— Work order —
From the entries below, reproduce exactly the lines from the one with "Laajennettu aluepuolustus on" through the one with "Selling a pair", both included, without images.

— Task inputs —
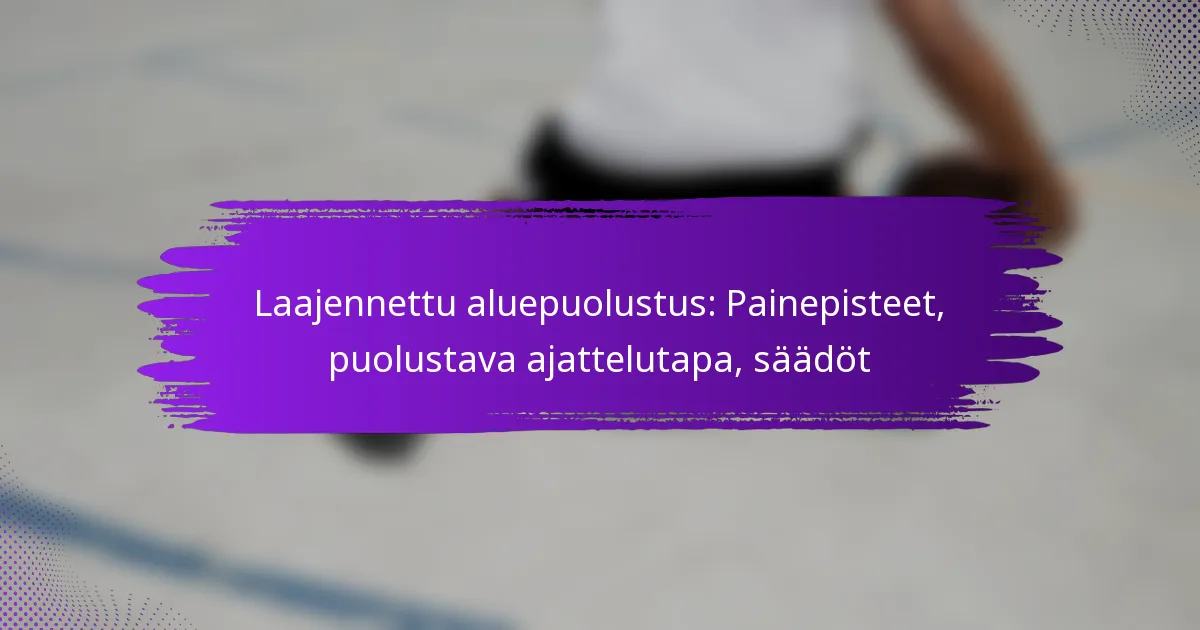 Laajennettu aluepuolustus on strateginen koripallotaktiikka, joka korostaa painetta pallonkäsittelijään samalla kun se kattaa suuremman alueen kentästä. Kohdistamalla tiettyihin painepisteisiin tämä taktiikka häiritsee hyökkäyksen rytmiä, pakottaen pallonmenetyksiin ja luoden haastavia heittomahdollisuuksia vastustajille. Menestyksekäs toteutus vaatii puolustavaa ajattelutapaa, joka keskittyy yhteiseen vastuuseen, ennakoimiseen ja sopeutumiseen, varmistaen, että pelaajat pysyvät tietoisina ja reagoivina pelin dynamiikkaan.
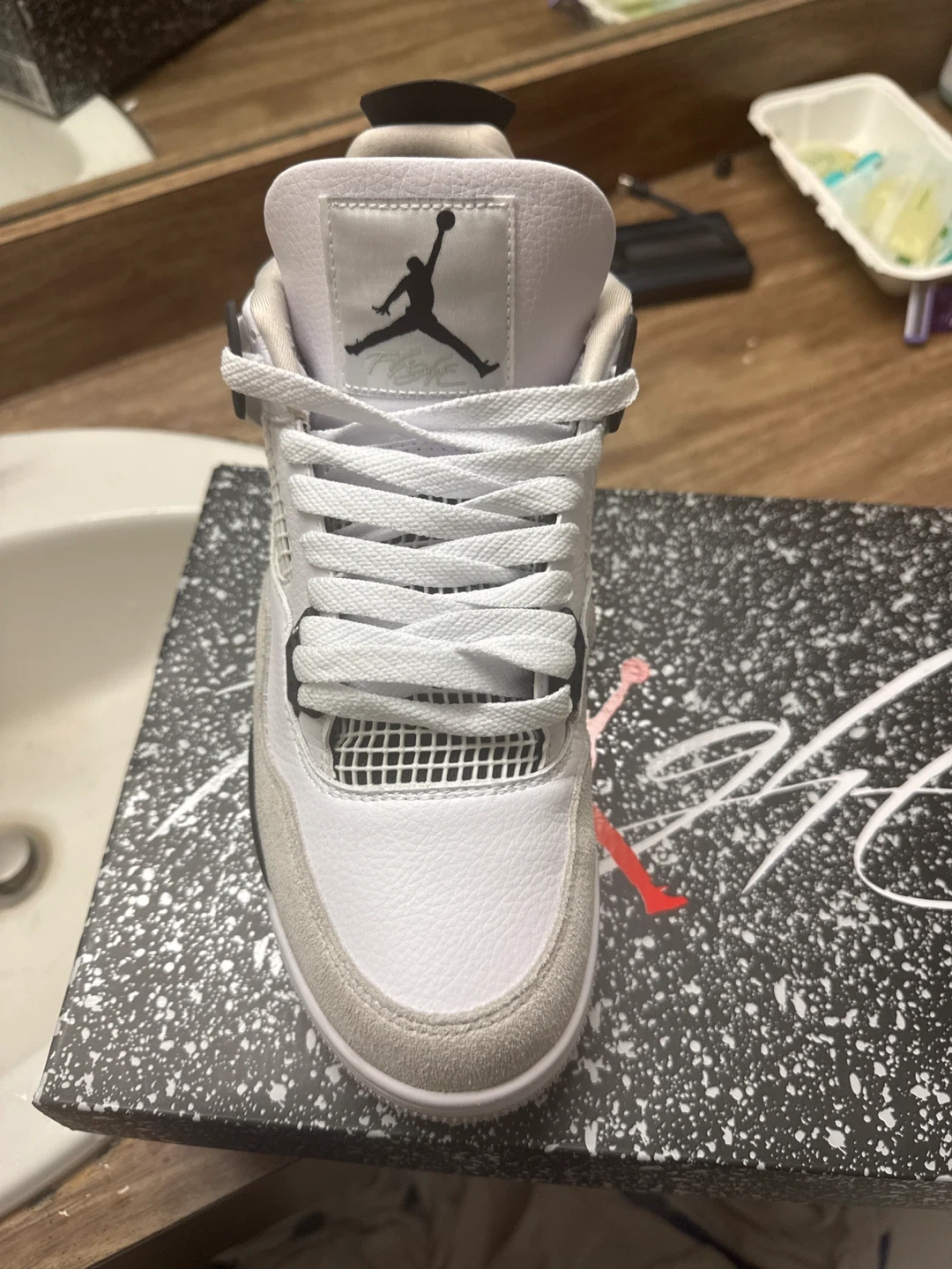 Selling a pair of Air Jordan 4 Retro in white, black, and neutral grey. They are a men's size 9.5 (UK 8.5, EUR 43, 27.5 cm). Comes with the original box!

* * *

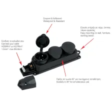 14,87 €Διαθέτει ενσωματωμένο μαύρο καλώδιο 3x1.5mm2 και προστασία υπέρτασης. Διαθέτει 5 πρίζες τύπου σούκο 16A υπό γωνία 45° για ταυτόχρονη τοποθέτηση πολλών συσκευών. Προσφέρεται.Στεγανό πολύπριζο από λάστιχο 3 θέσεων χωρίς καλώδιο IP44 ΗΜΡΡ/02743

— Written response —
 Laajennettu aluepuolustus on strateginen koripallotaktiikka, joka korostaa painetta pallonkäsittelijään samalla kun se kattaa suuremman alueen kentästä. Kohdistamalla tiettyihin painepisteisiin tämä taktiikka häiritsee hyökkäyksen rytmiä, pakottaen pallonmenetyksiin ja luoden haastavia heittomahdollisuuksia vastustajille. Menestyksekäs toteutus vaatii puolustavaa ajattelutapaa, joka keskittyy yhteiseen vastuuseen, ennakoimiseen ja sopeutumiseen, varmistaen, että pelaajat pysyvät tietoisina ja reagoivina pelin dynamiikkaan.
 Selling a pair of Air Jordan 4 Retro in white, black, and neutral grey. They are a men's size 9.5 (UK 8.5, EUR 43, 27.5 cm). Comes with the original box!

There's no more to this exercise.